Income Redistribution: Economic ‘stimulus’
Both sides gave up important demands. Republicans agreed to tax rebates of up to $1,000, even for families who don’t earn enough to pay income taxes to begin with. This is otherwise known as “income redistribution.” Democrats, on the other hand, gave up on extending unemployment benefits and food stamps—for now. As for the rebates, again The Post: “Under the deal, nearly everyone earning a paycheck would receive at least $300 from the Internal Revenue Service. Most workers would receive rebates of $600 each, or $1,200 per couple. Families with children would receive an additional payment of $300 per child. Workers who earned at least $3,000 last year—but not enough to pay income taxes—would be eligible for $300.”

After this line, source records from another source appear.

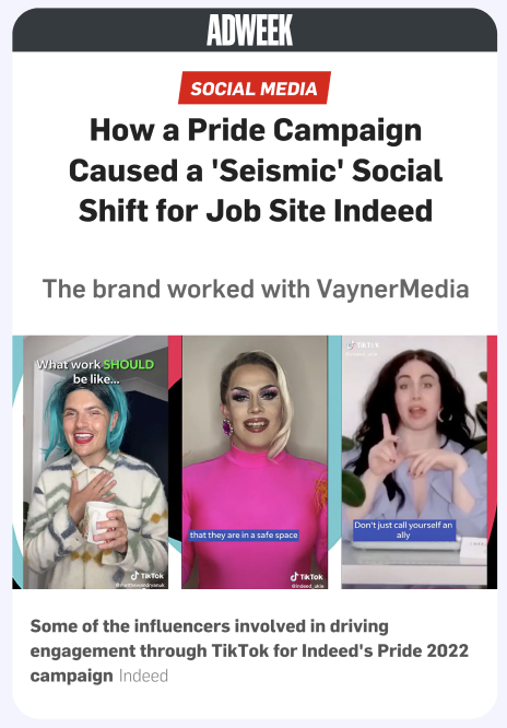 Indeed.com partnered with 13 LGBTQ+ creators across TikTok and Instagram to share their workplace experiences and help people find new, safe work opportunities.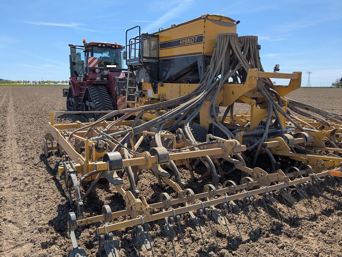 Neue Technik bringt neue Möglichkeiten: eine Einzelkornsämaschine bei der sich hydraulisch die Reihenabstände verändern lassen.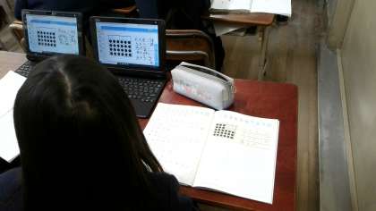 同じ数のまとまりに注目してかけ算をつかって求めていました。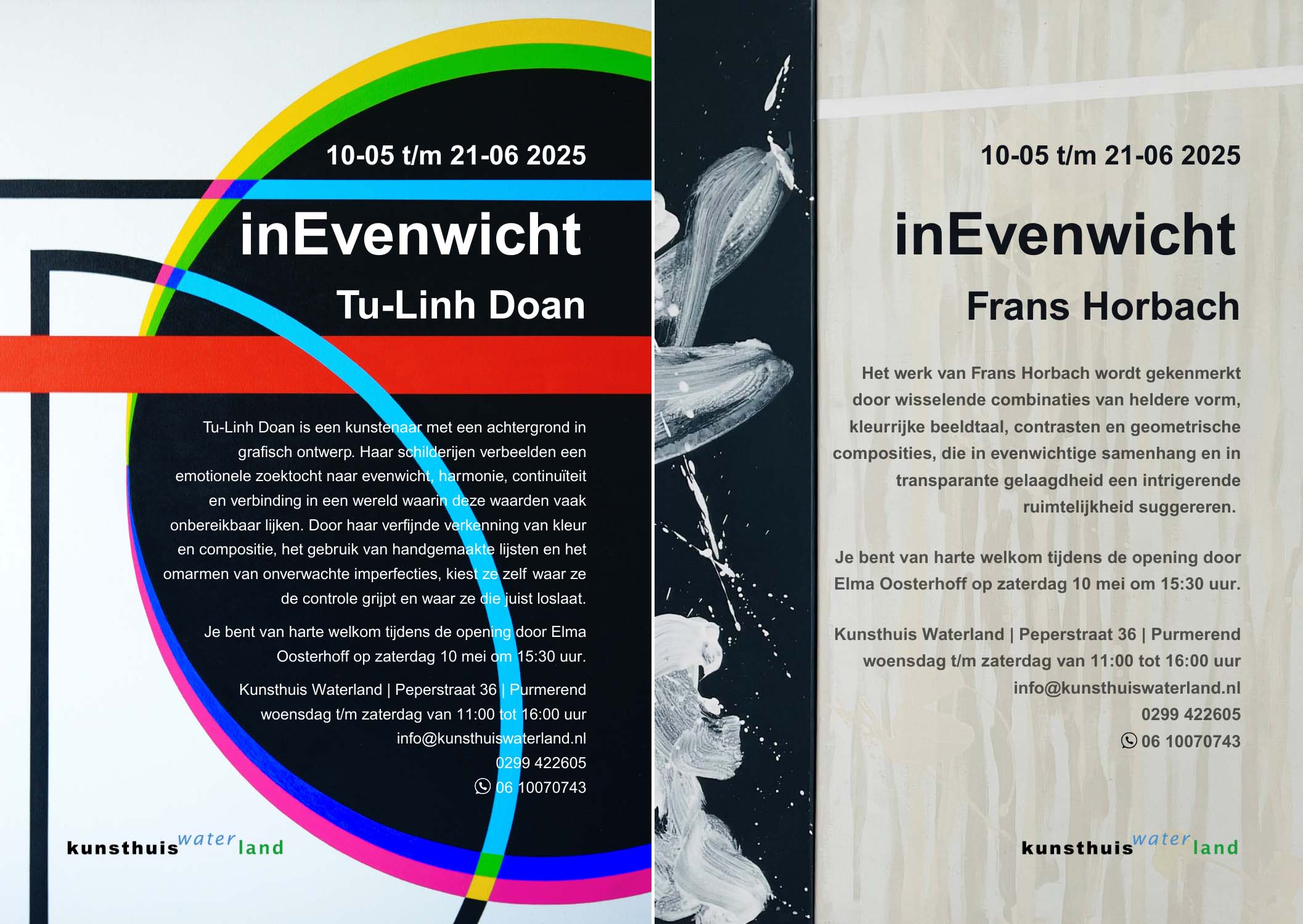 Van 10 mei tot en met 21 juni 2025 presenteert Kunsthuis Waterland, Peperstraat 36 in Purmerend, de tentoonstelling inEvenwicht met werk van Tu-Linh Doan en Frans Horbach. Elma Oosterhoff opent de expositie op zaterdag 10 mei om 15:30 uur.
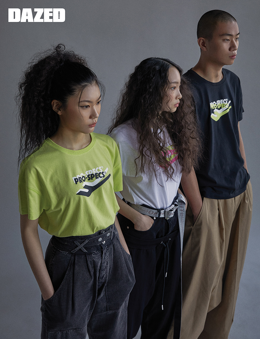 미림이 입은 네온 컬러 반팔 톱은 프로스펙스(Pro-specs), 그레이 워싱 팬츠는 이자벨 마랑(Isabel Marant). 린애가 입은 화이트 톱은 프로스펙스(Pro-specs), 블랙 데님과 레이어드한 트랙 팬츠는 디젤(Diesel), 실버 롱 벨트는 오프화이트(Off-White). 의진이 입은 블랙 로고 네온 컬러 톱은 프로스펙스(Pro-specs), 베이지 와이드 팬츠는 8 몽클레르 팜 엔젤스(8 Moncler Palm Angels).
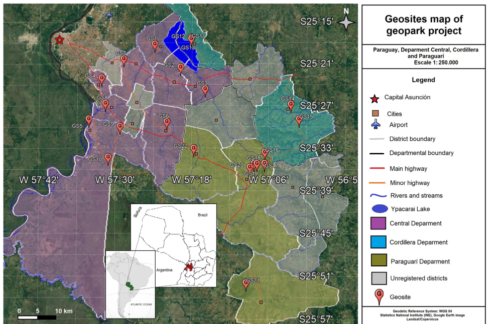 Some local authors have made efforts to inventory the geological and geomorphological heritage, such as Gadea & Benitez (2018), who presented a list of 106 geosites of geotourism interest based on papers. These geosites are located with coordinates by departments, and their geological characteristics group them into the following categories: cavern, paleontology, folding, hydrology, geomorphology, landscape, stratigraphy, mining history, monadnock, tectonics, geoform, paleobotany, columnar sandstones, ethnography, erosion, ichnology, erratic blocks, petrology, Precambrian rocks, dolmen cave, igneous intrusion, volcanic stock, annular complex, landscape volcano, hydrogeology, islet history, glacigenic rocks, paleodunes, cenote landscape, columnar basalts. While this initiative is important, both qualitative and quantitative inventory methodologies should be followed to determine the potential of geosites, geomorphosites, geodiversity sites, etc. Salinas et al. (2021) presented evaluations of the scientific value of two geosites in the metropolitan area of the city of Asunción. These evaluations considered their representativeness, integrity, rarity, and scientific knowledge of the Cerro Koi and Cerro Ãemby sites.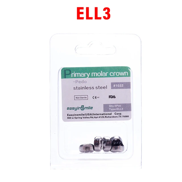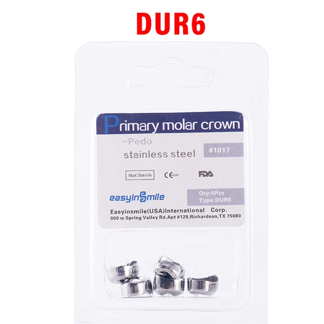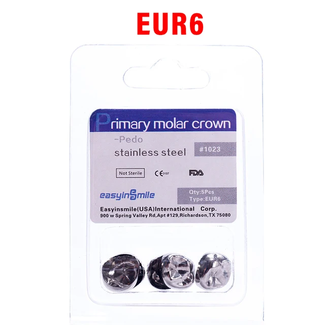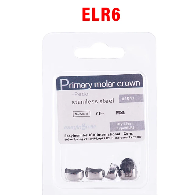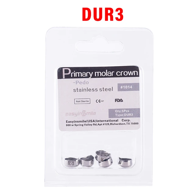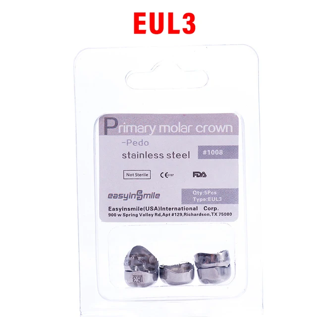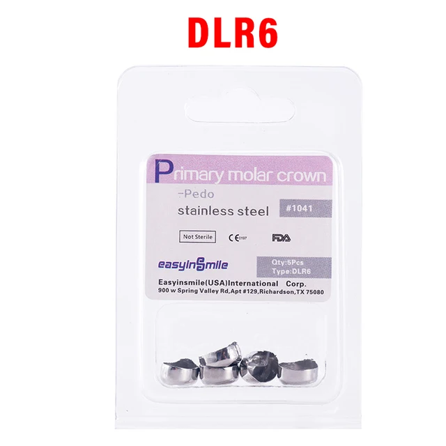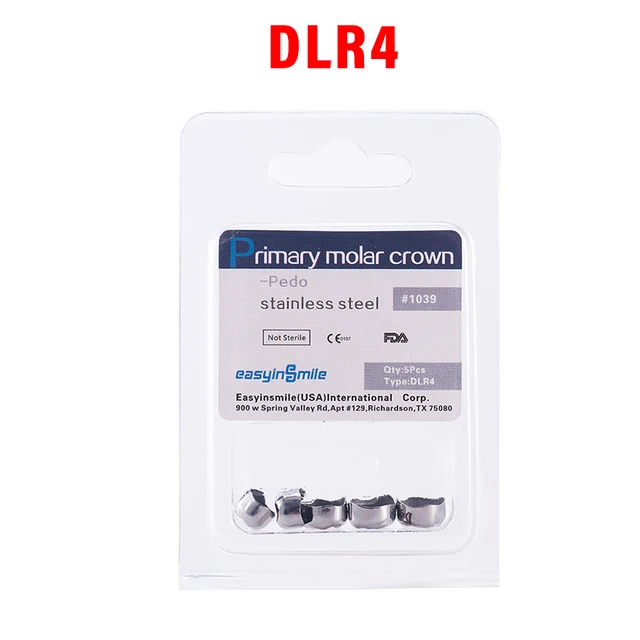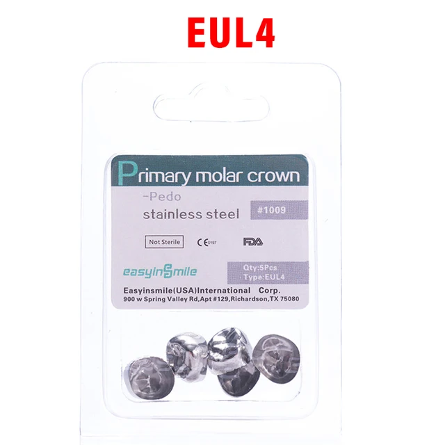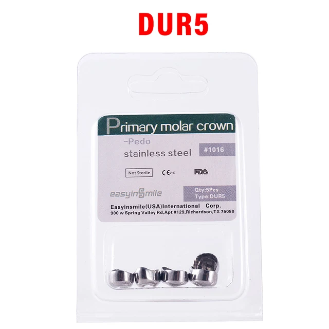 5PCS EASYINSMILE Dental Crown Kids Primary Molar Teeth Refill Stainless Steel Crowns for Upper/Lower Left/Right 1st/2nd D2-D7

As with past tax rebates, the idea behind the scheme is that returning this money to taxpayers will lead to a rush of consumer spending that will boost the economy. President Bush used this option in 2001, but there is little evidence that the $300-$600 payout actually was what turned the country around. In fact, it was the tax cuts that revived the economy after the 2001 recession, not the tax rebates, that ended up being put into savings and used to pay existing expenses. Rather than falling back on political parlor tricks that have never been proven to work, Congress should make the Bush tax cuts permanent. Lower taxes are what keep the economy growing, no matter how you crunch the numbers.